3. Tidak Sesakit Dulu

71.2K 1.7K 23
                                    

TIGA BULAN KEMUDIAN

Bunyi derak pintu patah tidak aku hiraukan. Langkahku bergegas masuk, melewati pintu yang engselnya mungkin sudah putus. Dadaku bergemuruh, bahkan tubuhku terasa panas dan ingin segera menumpahkan amarah yang sudah menggelegak.

Aku langsung menuju kamar utama dan dengan kasar menendang pintunya kuat-kuat.

Dua orang yang tengah banjir keringat di atas ranjang sontak terkejut melihat kedatanganku yang tiba-tiba. Di tengah emosi yang menggunung perutku mual melihat adegan wanita yang sedang ditunggangi seorang pria. Yang sialnya pria itu adalah suamiku sendiri. Oh, entah dia masih bisa disebut suami atau bukan. Padahal baru seminggu lalu dia memohon rujuk di bawah kakiku. Dan, lihat, apa yang dia lakukan sekarang?

Wanita murahan di atas ranjang kalang kabut. Dia menarik selimut untuk menutupi tubuh telanjangnya. Sementara suami berengsek itu, memungut boxernya yang sudah terlempar jauh dan segera mengenakannya.

"Din, a-aku bisa menjelaskan." Dia mendekat dan hendak meraih tanganku, tapi dengan cepat aku melangkah mundur.

"Aku rasa ini bukti yang cukup agar hakim bisa mengetok palunya dengan cepat," ujarku masih menahan emosi.

Selama ini aku tahu dia gemar main wanita. Tapi aku nggak punya cukup bukti untuk mengajukannya di pengadilan. Gugatan cerai yang aku layangkan selalu ditolak, alasannya suamiku melakukan kewajibannya dengan baik. Sejak itu aku memutuskan pisah rumah.

Baru seminggu lalu dia memohon agar aku kembali ke rumah. Merayu dan berjanji akan berubah. Namun, kenyataannya? Dia sukses membuatku makin muak melihat wajahnya.

"Aku nggak mau cerai, Din. Aku butuh kamu."

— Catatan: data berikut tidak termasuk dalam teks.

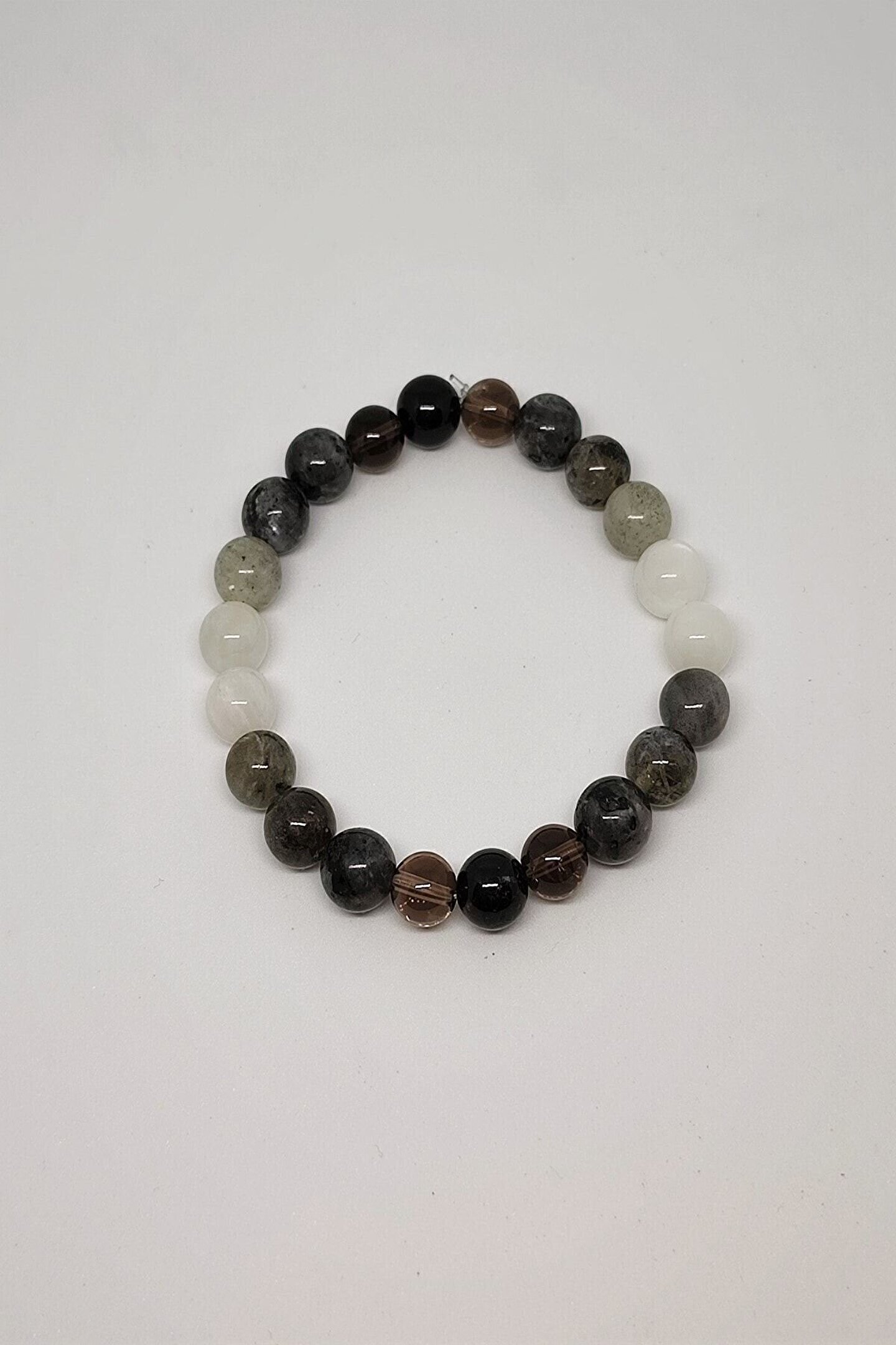 - Doğal taş bileklik, şıklığınızı tamamlayacak zarif bir aksesuardır; - Sertifikalı 8 mm dumanlı kuvars, larvakit, labradorit ve ay taşı gibi değerli taşlarla süslenmiştir; - Her bir bileklik, benzersiz ve otantik bir görünüm sunar; - Doğal taş materyali sayesinde her parça eşsizdir ve doğanın güzelliklerini bileğinizde taşımanızı sağlar;

Ya, dia hanya butuh uangku, tapi nggak pernah mencintaiku. Beruntung selama tiga tahun pernikahan, kami tidak dikaruniai seorang anak. Jadi, tidak perlu banyak pertimbangan untuk menendangnya dari hidupku. Namun lagi-lagi pengadilan selalu membelanya. Baary, suami bajingan itu menolak untuk bercerai.

"Kamu butuh uangku buat bayar pelacur itu!"

Aku keluar dari kamar sialan itu. Kalau bisa ingin rasanya menghancurkan kamar itu sekarang juga. Demi Tuhan, itu kamar kami, bisa-bisanya dia membawa wanita lain di kamar itu!

"Din, itu aku bisa jelaskan ... Kejadiannya nggak seperti yang kamu pikir." Baary mengejarku, tidak peduli kondisinya yang masih hanya mengenakan boxer.

Entah sudah berapa kali juga aku memaafkan kelakuannya, tapi kali ini jangan harap.

"Kamu bisa bicara dengan pengacaraku nanti." Aku makin bergegas keluar rumah melewati pintu yang sudah kuhancurkan.

"Din, kamu menghancurkan pintu rumah kita?!"

Mendengarnya menjerit aku menoleh sesaat, lalu kembali melangkah menuju mobil.

Bisa-bisanya dia masih memikirkan pintu yang hancur? Apa dia tidak pernah berpikir gimana perasaanku yang hancur melihatnya mendesah dan mengerang di atas wanita lain?

Aku sudah menyalakan mesin mobil ketika Baary menggedor pintu mobilku, memintaku bicara padanya. Aku tidak peduli dan melajukan mobil keluar dari halaman rumah terkutuk itu. Mengabaikan teriakannya yang terus memanggil namaku.

Dulu saat pertama tahu dia berbuat curang mungkin aku syok, stres, bahkan sampai tak nafsu makan. Namun itu tidak berlangsung lama karena aku dipaksa untuk terus bekerja yang melibatkan kinerja otak.

Aku mengesampingkan rasa sakit dengan melebur bersama tugas-tugas yang bosku berikan. Bahkan rasanya aku tidak diberi jeda untuk sekedar meratapi diri. Beruntung aku tidak jatuh sakit dan drop. Entah mental apa yang aku punya saat itu.